Huntingtin (HTT) is a scaffold protein mostly known because it gives rise to the severe and incurable inherited neurological disorder Huntington’s disease (HD) when mutated. The Huntingtin gene (HTT) carries a polymorphic trinucleotide expansion of CAGs in exon 1 that ranges from 9 to 35 in the non-HD affected population. However, if it exceeds 35 CAG repeats, the altered protein is referred to as mutant HTT and leads to the development of HD. Given the wide spectrum of severe symptoms developed by HD individuals, wild-type and mutant HTT have been mostly studied in the context of this disorder. However, HTT expression is ubiquitous and several peripheral symptoms in HD have been described, suggesting that HTT is of importance, not only in the central nervous system (CNS), but also in peripheral organs. Accordingly, HTT and mutant HTT may interfere with non-brain-related diseases. Correlative studies have highlighted a decreased cancer incidence in the HD population and both wild-type and mutant HTT have been implicated in tumor progression. In this review, we describe the current evidence linking wild-type and mutant HTT to cancer and discuss how CAG polymorphism, HTT function, and partners may influence carcinogenesis and metastatic progression.

INTRODUCTION

Huntingtin (HTT) is a large scaffold protein of 350 kDa, conserved from flies to mammals, that has been mostly studied in the context of Huntington’s disease (HD), a rare inherited neurological disorder. HTT carries a polymorphic expansion of glutamine in its N-terminal sequence encoded by CAG repeats in its gene, HTT [1]. CAG repeats range from 9 to 35 CAGs in the non-HD population, with an average between 17 and 20 repeats (Fig. 1) [2]. When above 35 CAGs, it leads to the development of HD, generally during adulthood, with a lower penetrance observed in carriers of 36 to 39 repeats [3–5]. Individuals carrying alleles with an intermediate number (between 27 and 35 CAGs) may display some aspects of the disease [6, 7].

Fig. 1

The CAG polymorphism in HTT is associated with Huntington disease and cancer risk and evolution.

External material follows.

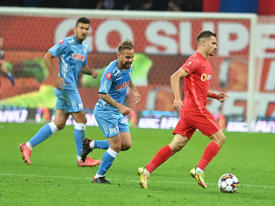 Juan Bautista Cascini si Darius Dumitru Olaru in meciul de fotbal dintre FCSB si UTA Arad, contand pentru Superliga Superbet, desfasurat pe Arena Nationala din Bucuresti, duminica 16 octombrie 2022. © FOTO:Razvan Pasarica/SPORT PICTURES
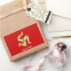 The flag of the Isle of Man, or flag of Mann (Manx: brattagh Vannin), is a triskelion, composed of three armoured legs with golden spurs, upon a red background. It has been the official flag of Mann since 1931 and is based on the Manx coat of arms, which dates to the 13th century. The three legs are known in Manx as ny tree cassyn ("the three legs"). The triskelion is an ancient symbol, used by the Mycenaeans and the Lycians. It is not known for certain why the symbol was originally adopted on the Isle of Man. Before its adoption in 1931, the official flag of the Isle of Man was the Union Flag. There is also a civil ensign for the Isle of Man. This flag was first authorised on 27 August 1971. Another Manx flag is the flag of the Tynwald, which has flown outside the Legislative Buildings since 1971.

The CAG polymorphism in HTT is associated with Huntington disease and cancer risk and evolution.

HD symptoms, including motor, cognitive, and psychiatric disturbances, are severe and ultimately lead to dementia [8]. Thus, much effort has been focused on understanding the molecular mechanisms leading to HD in the central nervous system (CNS) and the function of HTT has been mostly described in cells of neuronal origin. HTT participates in numerous cellular functions essential for the physiology of the CNS, such as cell division, transcriptional regulation, and intracellular transport [9]. It is subjected to multiple post-translational modifications including acetylation, sumoylation, ubiquitination, palmitoylation, and phosphorylation, which regulate its function and toxicity in HD [9]. However, HTT is widely expressed in the body and accumulating evidence suggests that it has a function in organs other than the brain [10, 11]. HD patients display peripheral symptoms, such as weight loss, muscular atrophy, cardiac failure, and osteoporosis [11], consistent with a role of HTT outside the CNS. Furthermore, some of these symptoms develop early during the disease and contribute to the mortality of HD patients. Several lines of evidence suggest that these peripheral manifestations are not dependent on cerebral dysfunction, but may be the consequence of mutant HTT expression in peripheral organs [11].

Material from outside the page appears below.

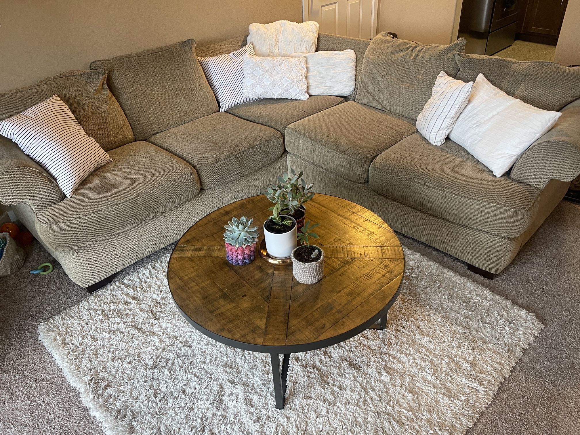 Looking to find someone who would like our old couch. We are buying two new Love seats to fit into our living room area. The couch is very comfortable, but is missing two corner cushions. We put white pillows up there and you’re also welcome to take the white pillows with you if you would like. The couch is 97 inches long on each side and 39 inches wide. It does come apart into two pieces, one with two sections and the other with three sections. Well, taken care of, but not perfect. Giving it away free, but you must come and haul it away

Our laboratory has shown that HTT is expressed in mammary tissue and regulates its morphogenesis and tumorigenesis [12–15]. We demonstrated that loss of HTT or the expression of mutant HTT is pro-metastatic in breast cancer. Additionally, we showed that wild-type HTT is involved in normal mammary gland development [12, 14, 15]. Moreover, we described an association between the size of CAG repeats in wild-type HTT and cancer prognosis [16], as well as decreased cancer incidence in the HD population [17]. In this review, we discuss the function of HTT during carcinogenesis, as well as the relationship between CAG repeats size and cancer incidence and prognosis. We also discuss several protein partners of HTT and signaling pathways in which HTT is engaged that may mediate the effects of HTT during cancer progression.

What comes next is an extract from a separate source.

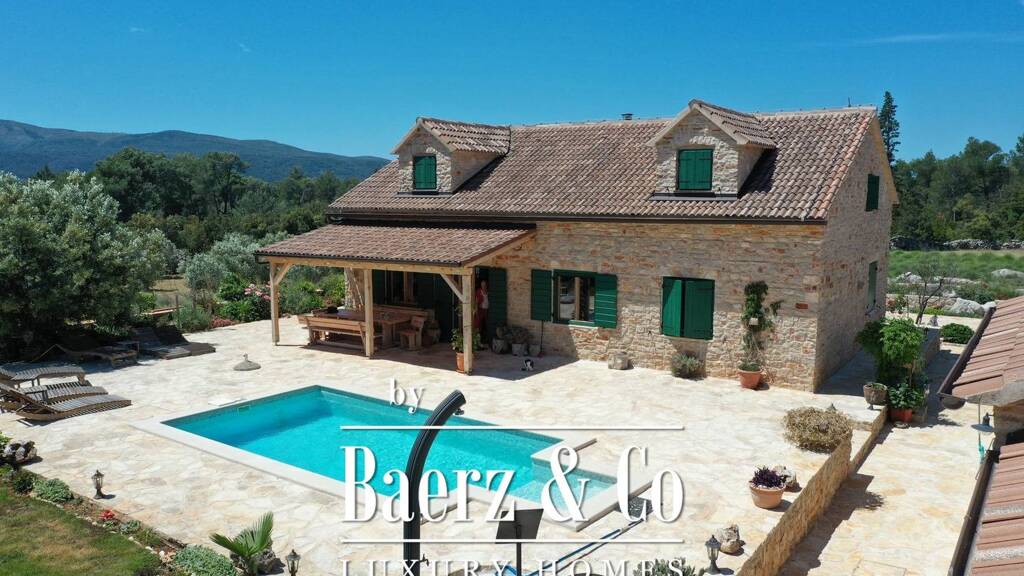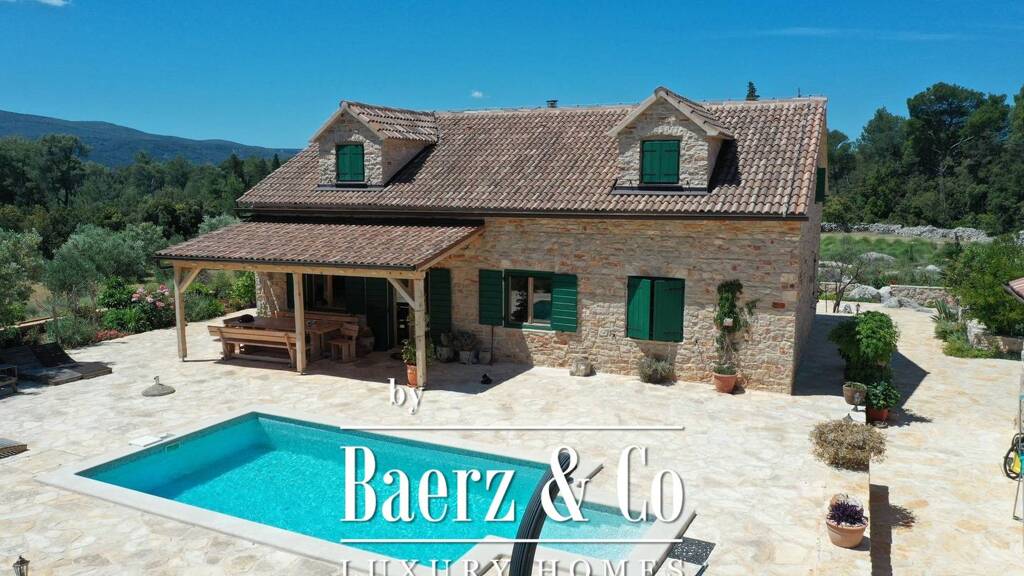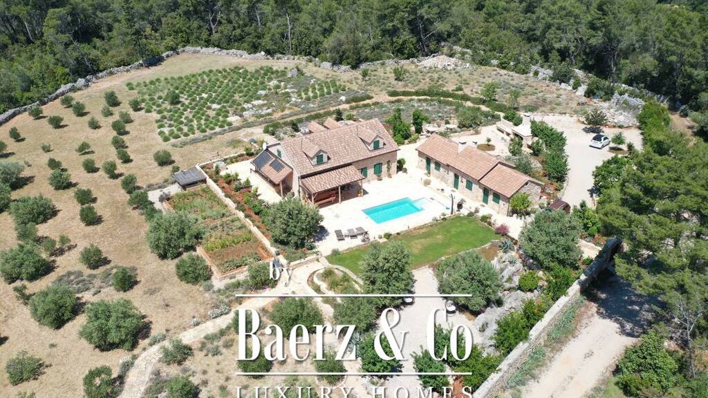 phvar, a traditional mediterranean villa, located on a large plot of 8500 m2, in a unique location surrounded by natural landscapes. the property consists of one main building, three auxiliary and swimming pool and landscaped garden. the main house spreads over two floors, with a total area of 220 m2. on the first floor there is a kitchen, dining room and living room with open floor plan, two bedrooms with bathrooms and one toilet. the upper floor is accessed by a beautiful internal staircase, where there are two additional bedrooms, each with a bathroom./ppof the three ancillary facilities in the row, the first has a large dining table, kitchen and fireplace. the other serves as a laundry room and has one bathroom. the third is a comfortable bedroom with its own bathroom. in front is a large pool./ppthe main advantage of this property is certainly the landscaped garden with rich horticulture that is carefully maintained. over 100 olive, lavender, rosemary, citrus and immortelle trees./ppthe whole building is air conditioned and solar panels are installed./ppthe property also has a basement where a wine shop can be arranged./ppconstruction of the villa began in 2010 and was completely completed in 2016. arranged according to the natural ambience of the location. all infrastructure is present (water, electricity, septic tank, access road)./ppthe villa is located on the north side of the island of hvar, near stari grad and vrboska./ppthis type of property is truly unique on the market and is ideal for all lovers of peace and solitude, only 800 m from the sea./ppother information on request./p

PARADOXICAL ASSOCIATION BETWEEN HD AND CANCER

The first study to examine the association between mutant HTT and cancer was published at the end of the last century [18]. Sorensen and Fenger investigated the leading causes of death in HD individuals and reported that only 5% were attributable to cancer. A few years later, Sorensen et al. reported a lower incidence of all cancers in HD individuals, except for those of the buccal cavity and the pharynx [19]. In 2012, Ji et al. described a similar decrease in the incidence of most cancer types in individuals with HD or other polyglutamine disorders [20]. In both studies, the authors did not have information concerning the length of CAG repeats or the clinicopathological characteristics of the cancer (grade, survival, metastasis) and suggested that HD and other polyglutamine disorders share common mechanisms leading to protection against cancer [20]. They proposed that HTT can act as a tumor suppressor by modulating the apoptosis of neoplastic cells. More recently, we confirmed the decreased risk of cancer in HD and spinocerebellar ataxia (SCA) patients [17].

Thus, long repeats could be protective against cancer, which may explain the advantage of germinal and somatic instability in HTT that leads to increased CAG repeats size, even though it is detrimental with respect to HD [21, 22]. However, there are exceptions depending on the type of cancer. For example, decreased incidence of cancer in HD patients does not apply to digestive system related cancers [20] or skin cancers [17]. The patterns of expression, the functions and interactors of each protein, and/or the nature of the signaling pathways involved in the neurodegenerative processes may differentially influence the specificity of action in cancer.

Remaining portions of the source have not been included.